[Opening Data for analysis section]

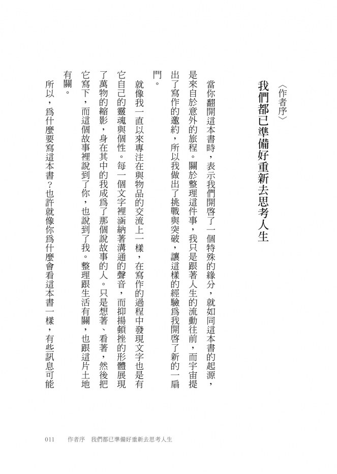 當你翻開這本書時,表示我們開啟了一個特殊的緣分,就如同這本書的起源,是來自於意外的旅程。關於整理這件事,我只是跟著人生的流動往前,而宇宙提出了寫作的邀約,所以我做出了挑戰與突破,讓這樣的經驗為我開啟了新的一扇門。
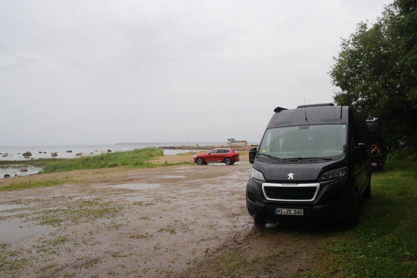 Ankunft auf Hiiumaa bei Regen, deshalb nur Stellplatz aufgesucht Morgens Wanderung zur Landzunge
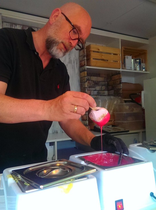 Robert Ackermann bietet eine Süßspeise mit handgemachten Marshmallows an. Name: Mellow Monkey, die Portion für 6 Euro.
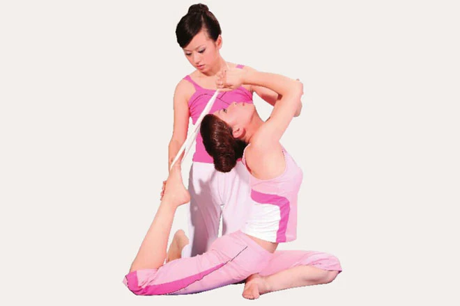 如果無法完成最後的動作,可用毛巾輔助,只要感受腿部向頭部靠攏即可。可讓教練用手按壓你的腳面,以使小腿更好地向頭部靠攏。
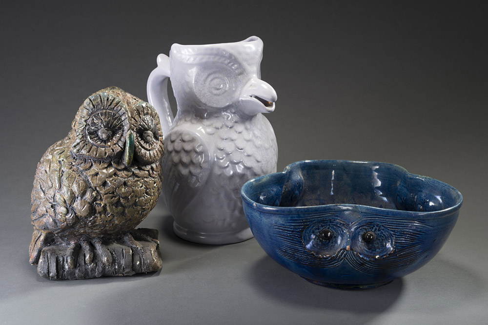 Lotto composto da tre statuette diverse raffiguranti gufi (difetti) Lot dcomprising three different owl statuettes (defects)
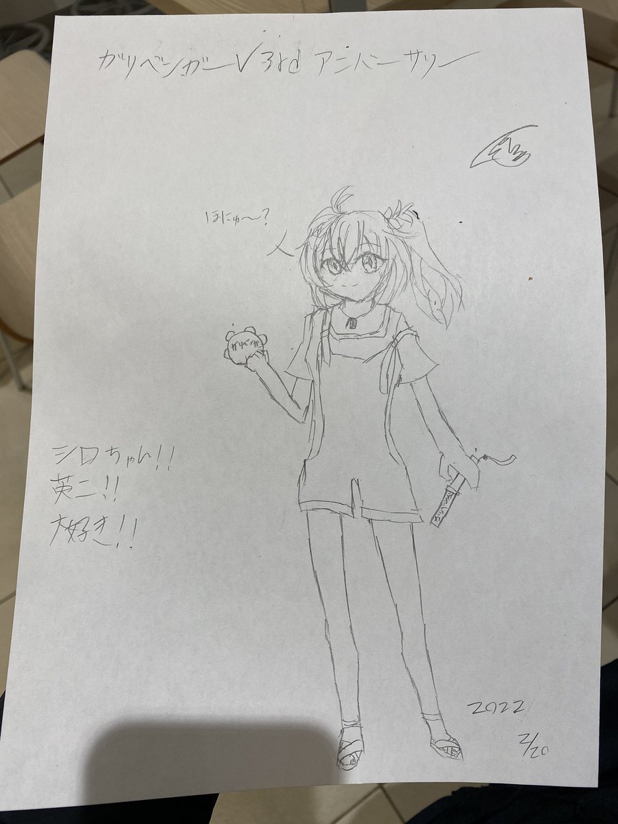忘れないように覚えてるうちに好きなとこ描かなきゃって描いてたけど、これみんなのスクショあるんだったって思い出して運営さんの心の広さに感謝してる🙏 それはそうとオリジナル筋トレのちえりちゃんのウィンクは最高でしたね。 #ガリベンガーV超感謝祭 #ちぇり絵
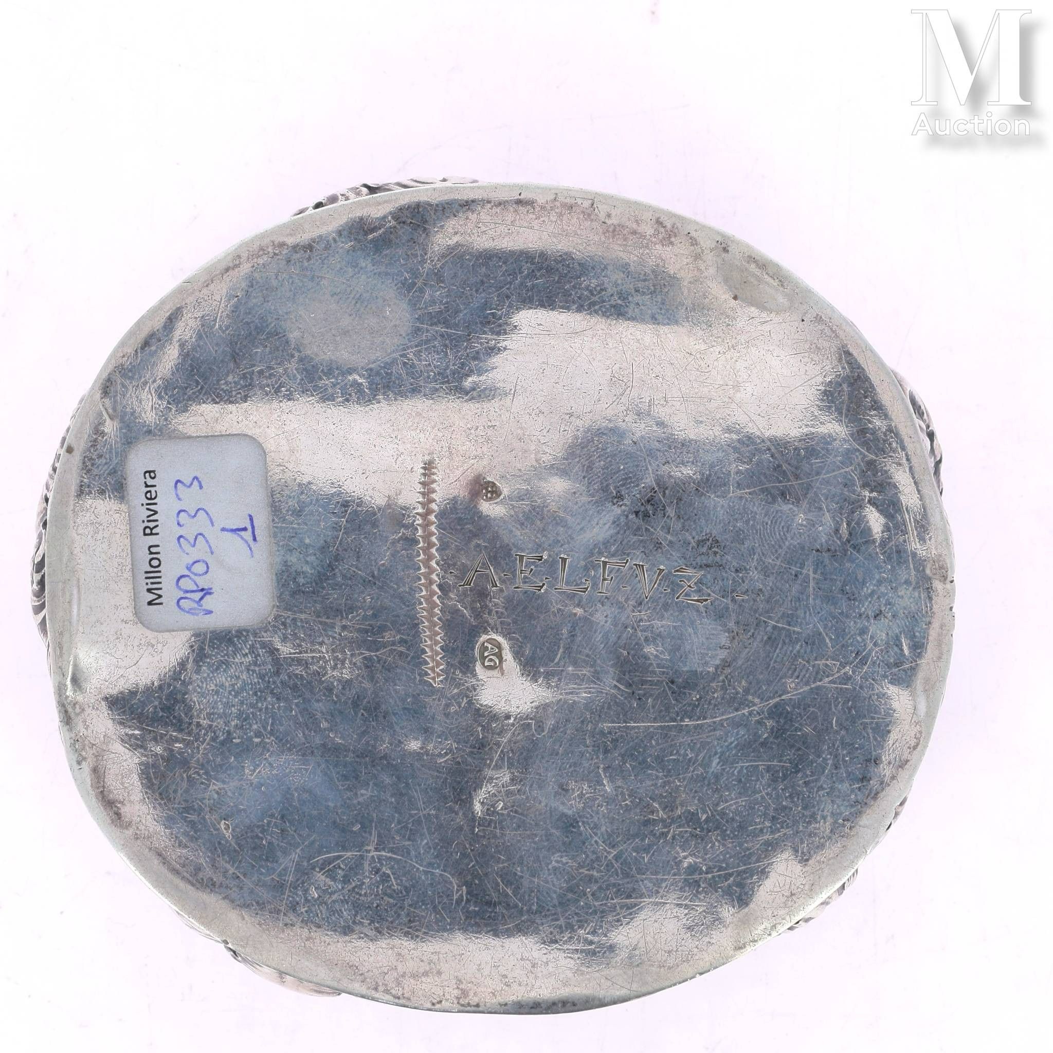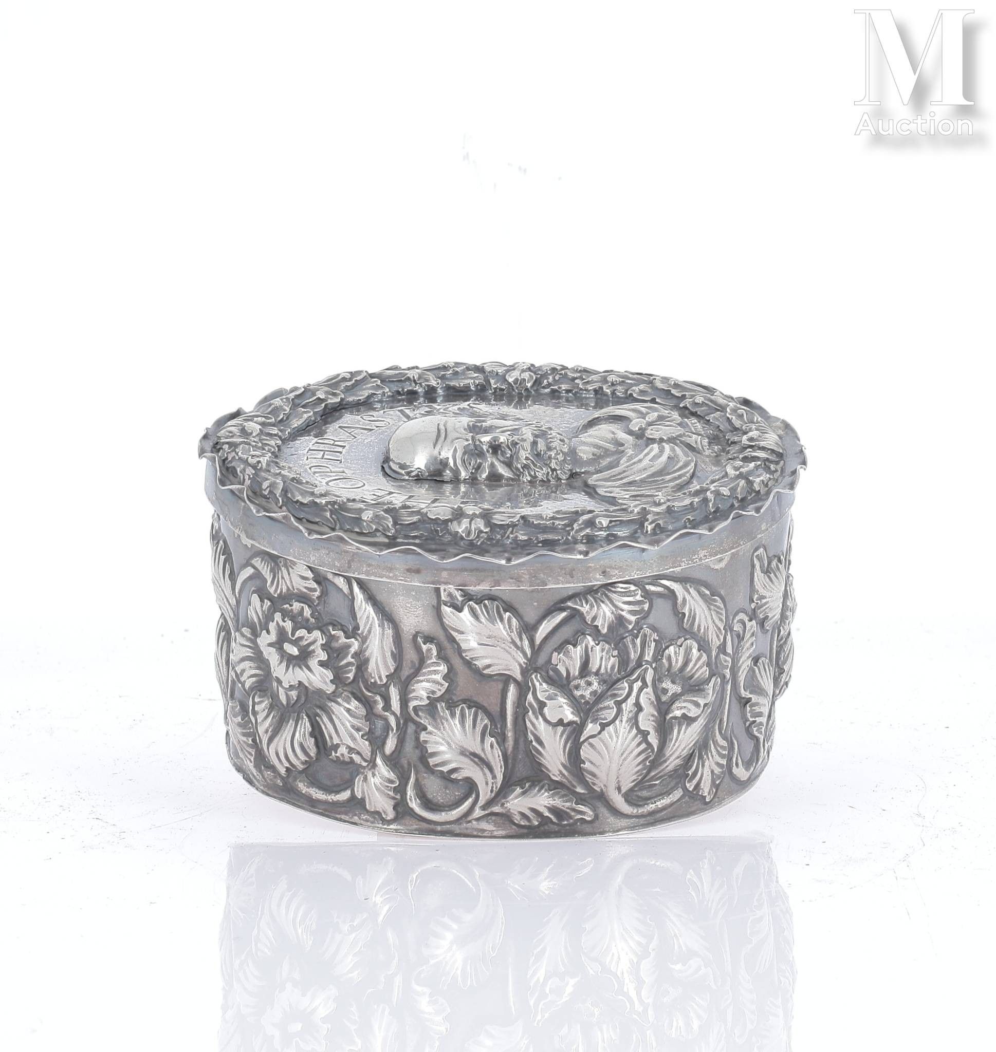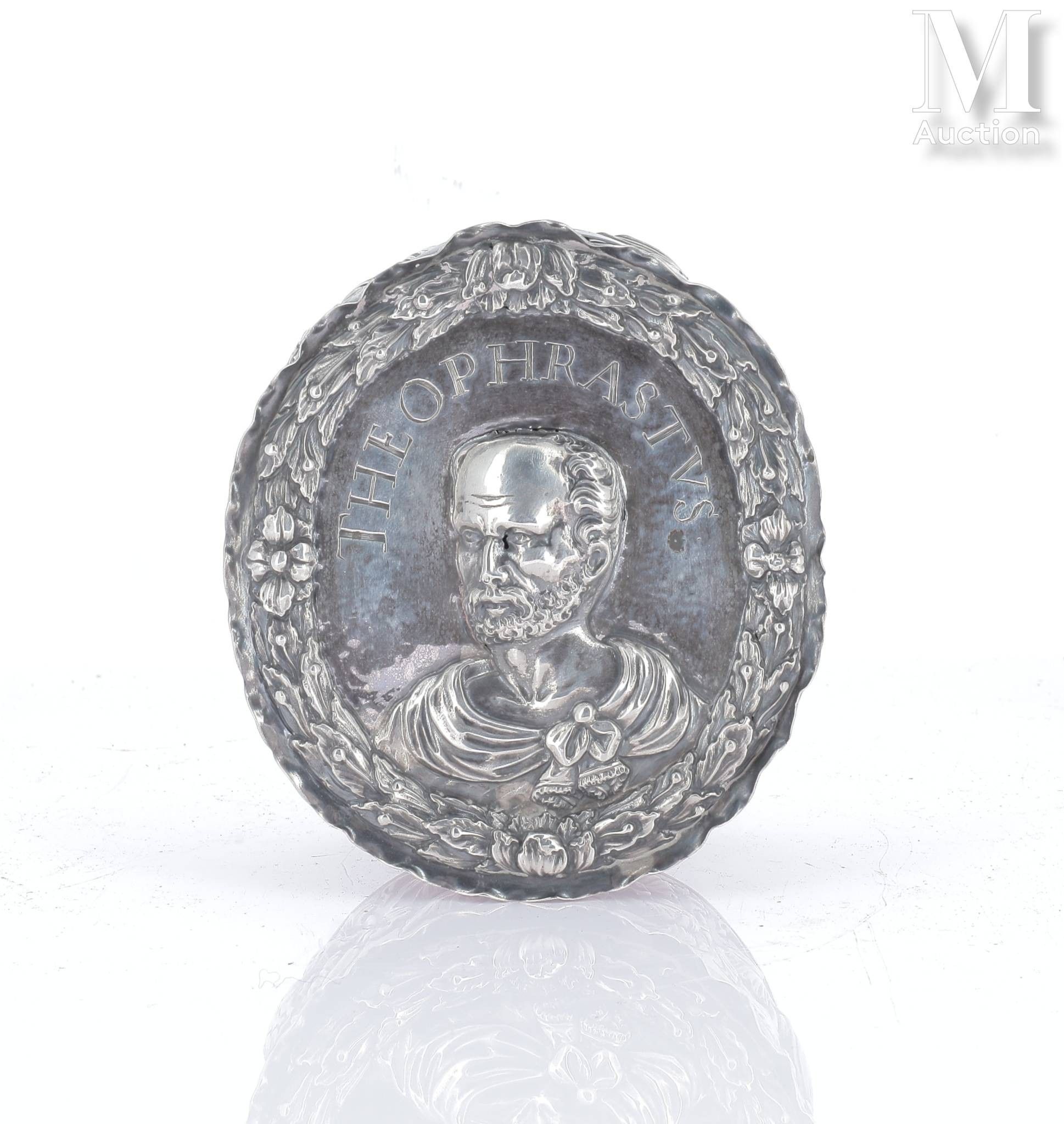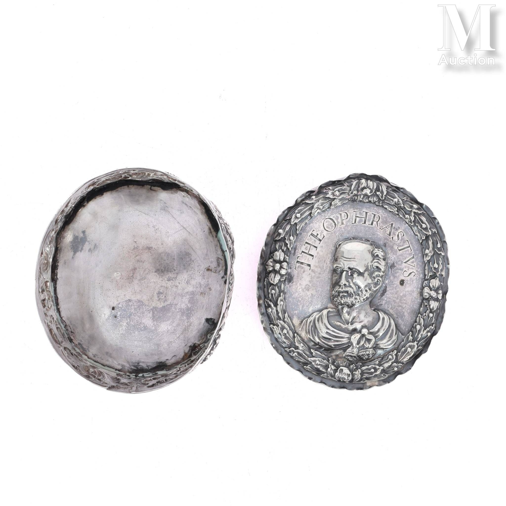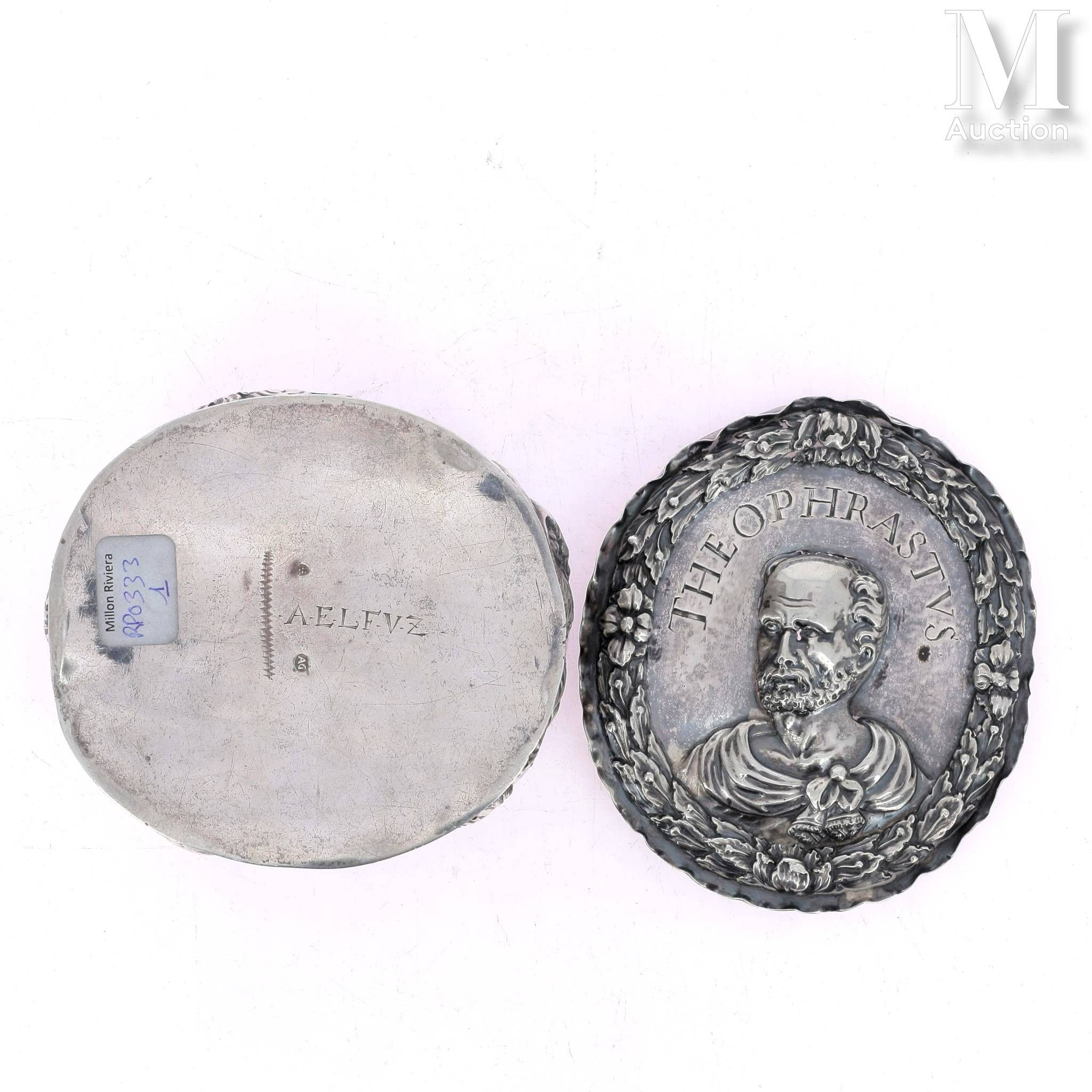 Silver box, oval shape, the body embossed with interlacing flowers in a rotating frieze, the lid decorated with a bas-relief embossed portrait of the philosopher Theophrastus, surrounded by a braid of laurel in the manner of a medallion, and wavy border. Letters "AELFVZ" engraved under the base.

[Closing Data for analysis section]

Required work
Write out all of the data above exactly, without any of its pictures.

Exercise result
 當你翻開這本書時,表示我們開啟了一個特殊的緣分,就如同這本書的起源,是來自於意外的旅程。關於整理這件事,我只是跟著人生的流動往前,而宇宙提出了寫作的邀約,所以我做出了挑戰與突破,讓這樣的經驗為我開啟了新的一扇門。
 Ankunft auf Hiiumaa bei Regen, deshalb nur Stellplatz aufgesucht Morgens Wanderung zur Landzunge
 Robert Ackermann bietet eine Süßspeise mit handgemachten Marshmallows an. Name: Mellow Monkey, die Portion für 6 Euro.
 如果無法完成最後的動作,可用毛巾輔助,只要感受腿部向頭部靠攏即可。可讓教練用手按壓你的腳面,以使小腿更好地向頭部靠攏。
 Lotto composto da tre statuette diverse raffiguranti gufi (difetti) Lot dcomprising three different owl statuettes (defects)
忘れないように覚えてるうちに好きなとこ描かなきゃって描いてたけど、これみんなのスクショあるんだったって思い出して運営さんの心の広さに感謝してる🙏 それはそうとオリジナル筋トレのちえりちゃんのウィンクは最高でしたね。 #ガリベンガーV超感謝祭 #ちぇり絵
 Silver box, oval shape, the body embossed with interlacing flowers in a rotating frieze, the lid decorated with a bas-relief embossed portrait of the philosopher Theophrastus, surrounded by a braid of laurel in the manner of a medallion, and wavy border. Letters "AELFVZ" engraved under the base.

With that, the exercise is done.